10/10
For Better or Worse: GWTW Remains Critic-proof For All Time
22 May 2003
It is useless to try to sum up or understand the phenomenon that is "Gone With the Wind". The film will stand as the greatest most visceral film in the collective heart for all time. It has more real humanity-with all the foibles and charms-than any other motion picture ever made. If there is a single person out there who doesn't understand Scarlett's wanting something so much and never getting it, but letting her life's fortunes be guided by her own ill-conceived hopes, I want to congratulate you on having a dream life. The chemistry of these actors and the truth in their performances is the key to getting us into this world not too far from our own: where the wrong precepts are being taken into battle and the arrogance of war and false ideals is put beyond the value of human life. One may not like all the characters, or even may feel that the actors are more stereotyped and drawn bigger than the low-key performances that are supposed to be more "real" seen on the screen today(which are usually just underexpressed and not like real life and its melodramatics at all).
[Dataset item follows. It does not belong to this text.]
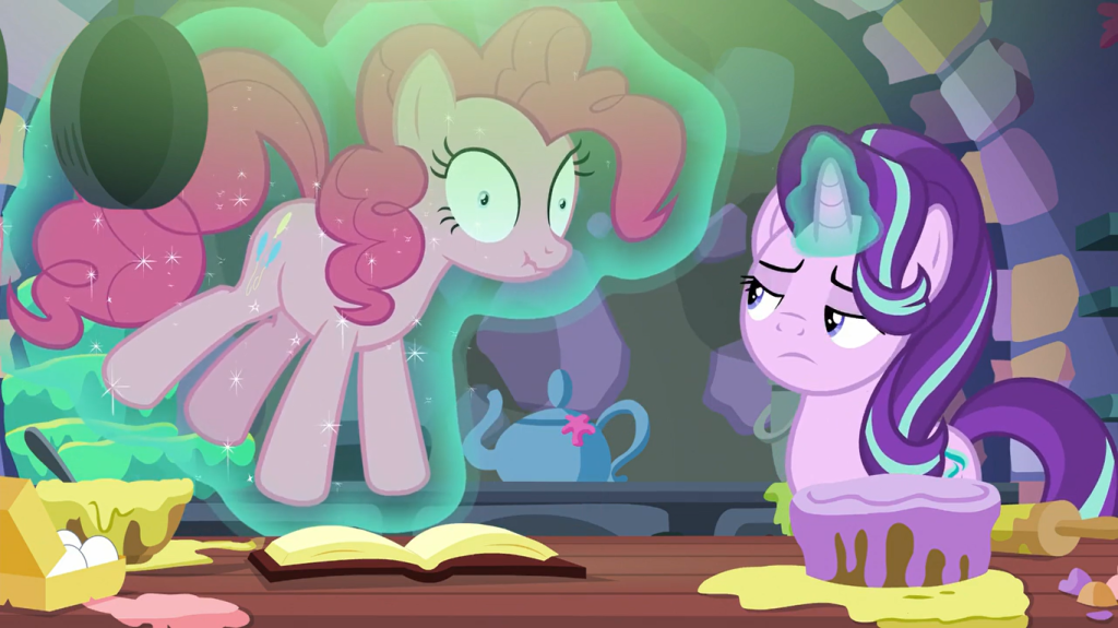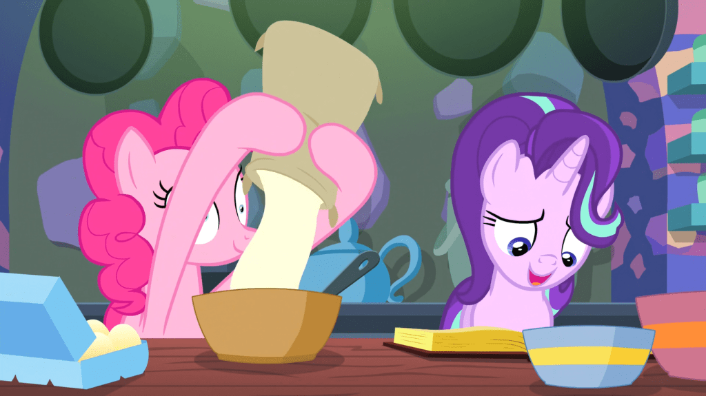 Pinkie Pie follows Starlight Glimmer’s baking instructions to the letter with freakish speed. I think she’s normally capable of baking cakes at lightning speed, but she chooses to take her time because it’s more fun, unless it’s an urgent cake emergency.

In that case, please think back to a time where communication between real people was par for the course and one's sense of drama could be expressed in dialogue in real life... Certainly no one handles this better than the great Vivien Leigh. Her Scarlett is true and perfect at every turn. She is the life force of the film: maddening and monstrous, but desperately yearning and, so, understandable. Gable's performance shows subtlety and timeless vulnerability that make this performance seem more accomplished with each year. DeHavilland places Stanislavsky-like center of energy in her heart like a current-day Method actress. And Leslie Howard agonizingly reaches the tortured soul of someone who is physically attracted to a woman with whom he knows he could never make a relationship work. Beyond that the force of humor and pathos that Hattie McDaniel displays are true and beautiful in their execution. Butterfly McQueen slyly adds gestures and dimensions that may not be as visible until one concentrates on her performance. People have tried to understand or attack the magnetism of this film since its release to no avail. As long as human nature wants what it doesn't have or mourns what it feels it has lost, "Gone With the Wind" will be the film that resonates with the disillusionment and hope that we all share and which moves us forward.